Kumandanın kanal değiştirme tuşuna sık aralıklarla basıyor, durmadan kanal değiştiriyordu. Açılan herhangi bir kanalda iki saniyeden fazla kalmıyor, kumandaya işkence edercesine kanal değiştirmeye devam ediyordu. Televizyon izlemekten ziyade tüm derdi kumandaya azap vermekmiş gibi bir hali vardı. Tuş, devamlı kullanılmaktan diğer tuşlara göre biraz daha aşağıda kalmış, ezilmiş ve üzerindeki üçgen sembol silinmişti. Zaten sembole veya yazıya gerek yoktu. Kumandayı eline aldıktan sonra oturduğu koltuktan bir daha kalkmamış ve hep aynı tuşa basmaya devam etmişti.
Kumanda tuşundaki göçüğün aynısı oturduğu koltukta da oluşmuştu. Devamlı kullanılmaktan rengi hafif solmuş, sadece üzerindeki adamı değil, adamın etrafa saçarak yediği içtiği tüm gıdaları da taşıyordu.
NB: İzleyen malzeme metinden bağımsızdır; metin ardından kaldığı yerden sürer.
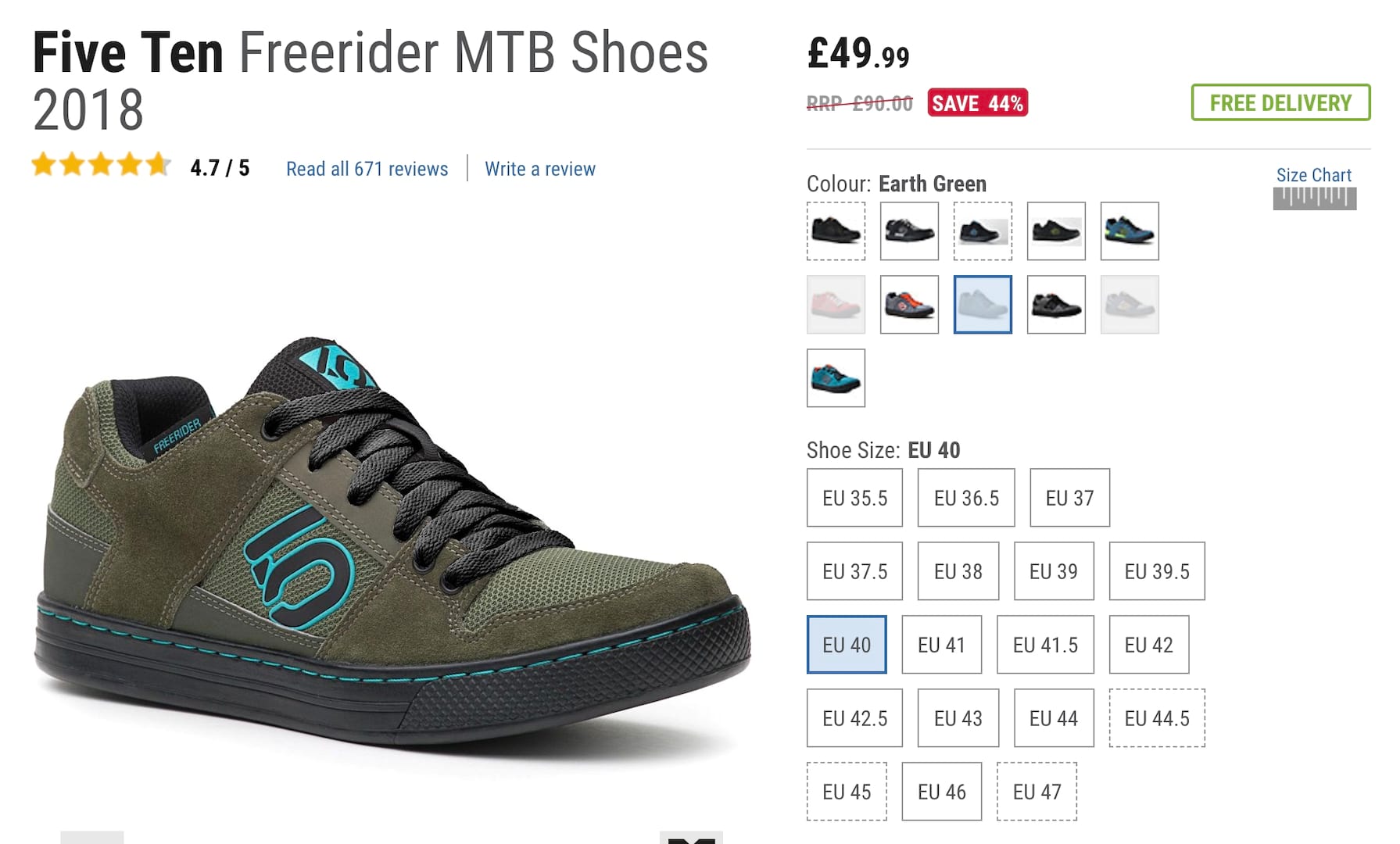 There always seems to be a Five Ten offer if you hunt around. Chain Reaction Cycles have Five Ten Freerider flat shoes on sale from £49.99. We’ve been through all the options so you don’t have too and only the Earth Green colour gets this full 44% reduction.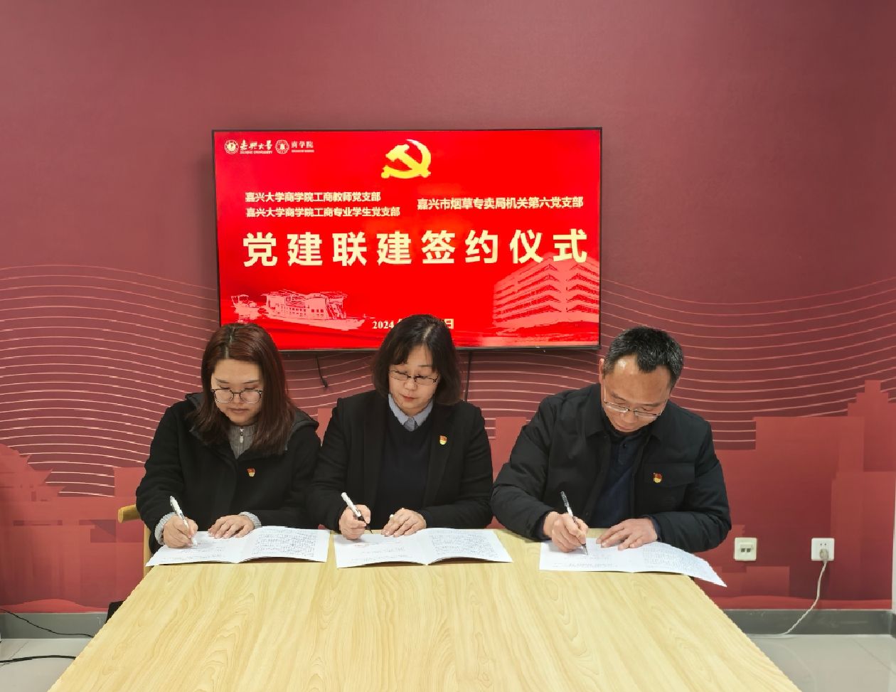 12月10日,pg麻将胡了2 工商专业教师党支部、工商专业学生党支部与嘉兴市烟草专卖局机关第六党支部在尚德楼355举行党建联建签约仪式。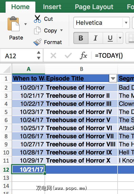 我已经添加了计划观看每一集的日期。在另一种情况下,您可以添加特定任务的截止日期。在该列的底部,我使用了= TODAY()来生成一个始终显示当前日期的单元格。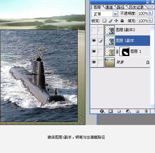 | 4、激活图层1副本,用钢笔工具勾出潜艇路径,如下图: |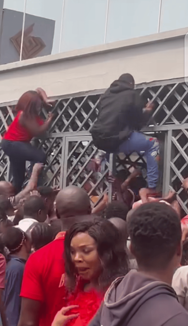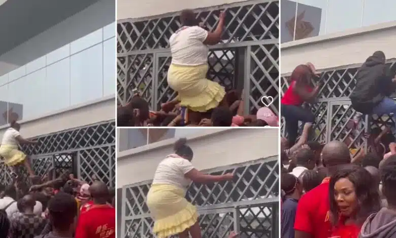 A video in rapid circulation has shown the moment a Nigerian woman climbed the gate of a bank to get into the premises.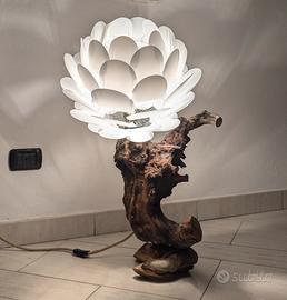 lampada da tavolo o da terra, realizzata a mano, la struttura è in legno di ulivo riciclato, trattato ad olio, finitura lucida. paralume in PVC bianco a forma di fiore di loto, portalampada E27 stile vintage industriale colore ottone, cavo di alimentazione in corda di canapa.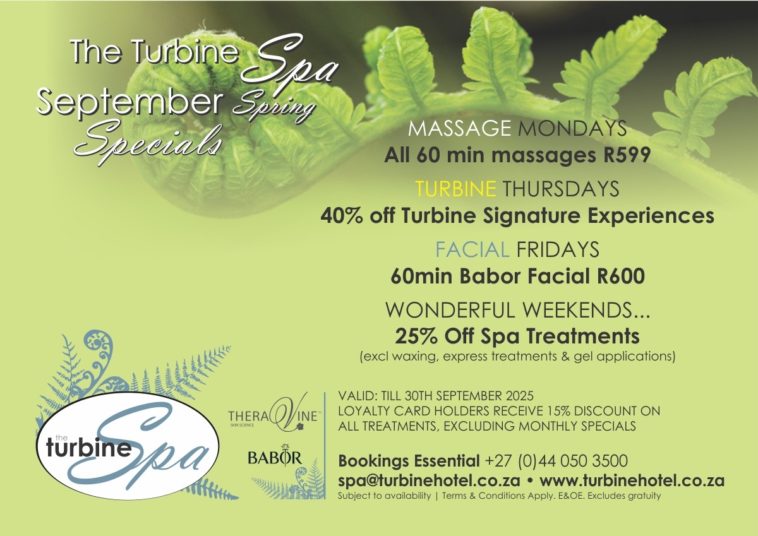 This September, The Turbine Spa has lined up a set of irresistible Spring Specials that make wellness as easy as booking your Knysna getaway. From Massage Mondays to Wonderful Weekends, every day comes with a reason to relax.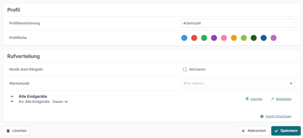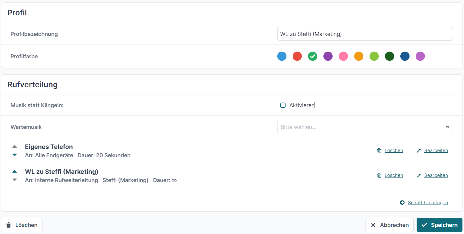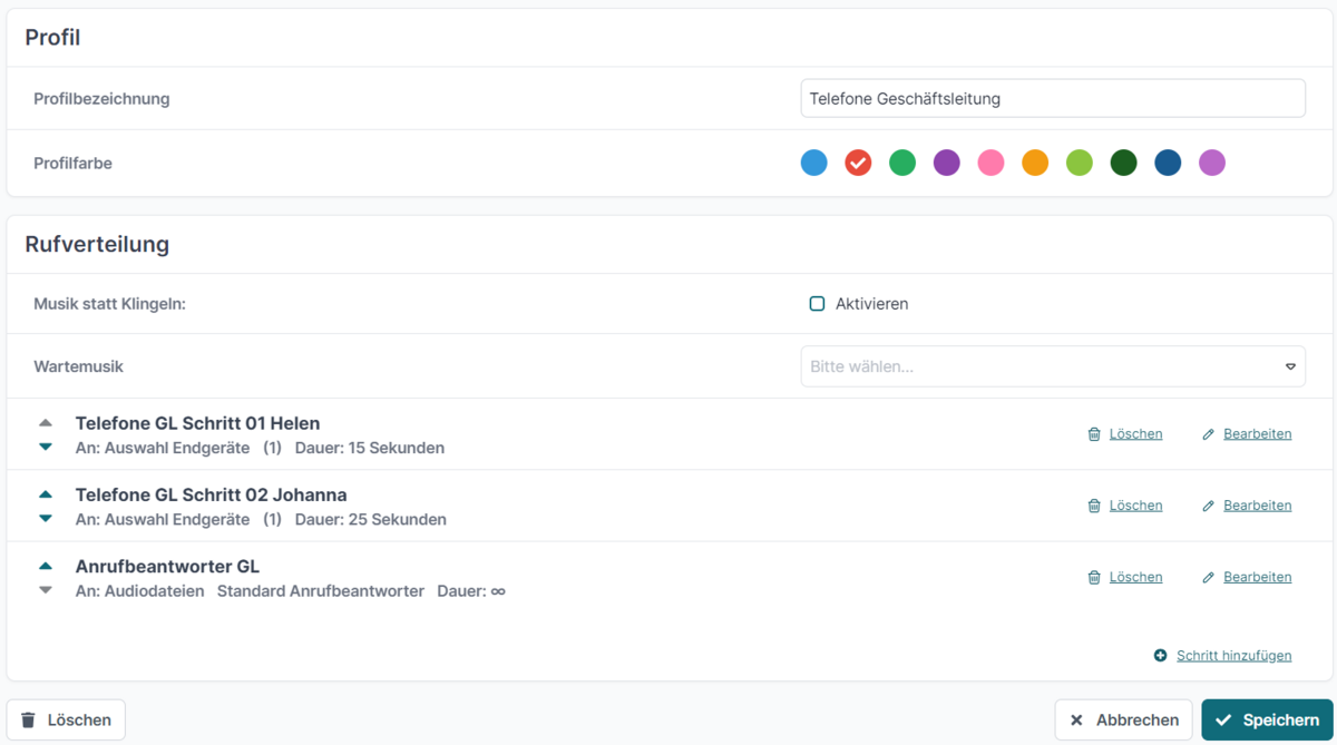 Nachdem der dritte Schritt gespeichert wurde, wird in der Übersicht des Profils die Rufverteilung dargestellt. Die einzelnen Schritte können bearbeitet, gelöscht oder mit Hilfe der Pfeiltasten in eine andere Reihenfolge gebracht werden.

Hem içerde hem dışarda. Ağzın kenarından intihara kalkışan yiyecek parçaları, kendilerini -eğer adamın gövdesinden fırsat bulurlarsa- koltuğun köşesine, kenarına sıkışmış halde buluyor, adamın üstüne dökülenlerse, çok uzun müddet sonra fark edilip, bir el hareketi ile halının dibine itilerek çürümeye terk ediliyorlardı. İçeri girenlerin ise büyük bir topluluğun küçük bir üyesi olmaktan başka şansı yoktu ki bu topluluğun halk dilindeki adı “göbek”ti.
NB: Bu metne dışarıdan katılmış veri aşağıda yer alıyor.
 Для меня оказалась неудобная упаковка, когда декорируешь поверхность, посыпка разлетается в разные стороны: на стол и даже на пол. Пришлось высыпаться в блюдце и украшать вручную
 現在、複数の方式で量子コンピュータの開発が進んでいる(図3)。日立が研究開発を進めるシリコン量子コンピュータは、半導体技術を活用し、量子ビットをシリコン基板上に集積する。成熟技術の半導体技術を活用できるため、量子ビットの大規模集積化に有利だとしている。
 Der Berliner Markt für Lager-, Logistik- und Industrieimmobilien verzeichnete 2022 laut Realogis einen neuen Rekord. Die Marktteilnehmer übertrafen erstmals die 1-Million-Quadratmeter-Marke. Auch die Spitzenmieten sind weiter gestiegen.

Hep aynı yere oturan adamın kolları da aynı şekilde koltuğun dayanaklarına konuşlanmıştı. Üzeri kıl ve kirle kaplanmış kollarından biri koltuğun dayanağından aşağı sarkıyor, arada bir kaşıntı işi görüyor, o vakit adamın göbeğine, saçına, yüzüne doğru bir gezintiye çıkıyor, işini yaptığında ise her zaman bulunduğu yere geri dönüyordu. Diğer kolun ve elin görevi belliydi: Kanal değiştirmek. Devamlı aynı pozisyonda aynı tuşa basmaktan şeklini yitirmiş, hafiften kızarmış bir başparmak ve onun bu çileli haline ortak olan, kumandanın şeklini almış diğer parmaklar, adamın tekerrür eden kanal değiştirme hareketine tahammül etmeye çalışan ve kalp hareketlerinden hiçbir farkı kalmamış hatta ritim bozukluğu olan bir kalbi andıran sinirler, damarlar… Bütün gün acı içinde kıvranıyor ama bunu artık rutin bir hareket olarak algılayan beyin hiçbir rahatsızlık alarmı vermiyordu. Belki de göbeği gibi adamın beyni de yağ bağlamıştı.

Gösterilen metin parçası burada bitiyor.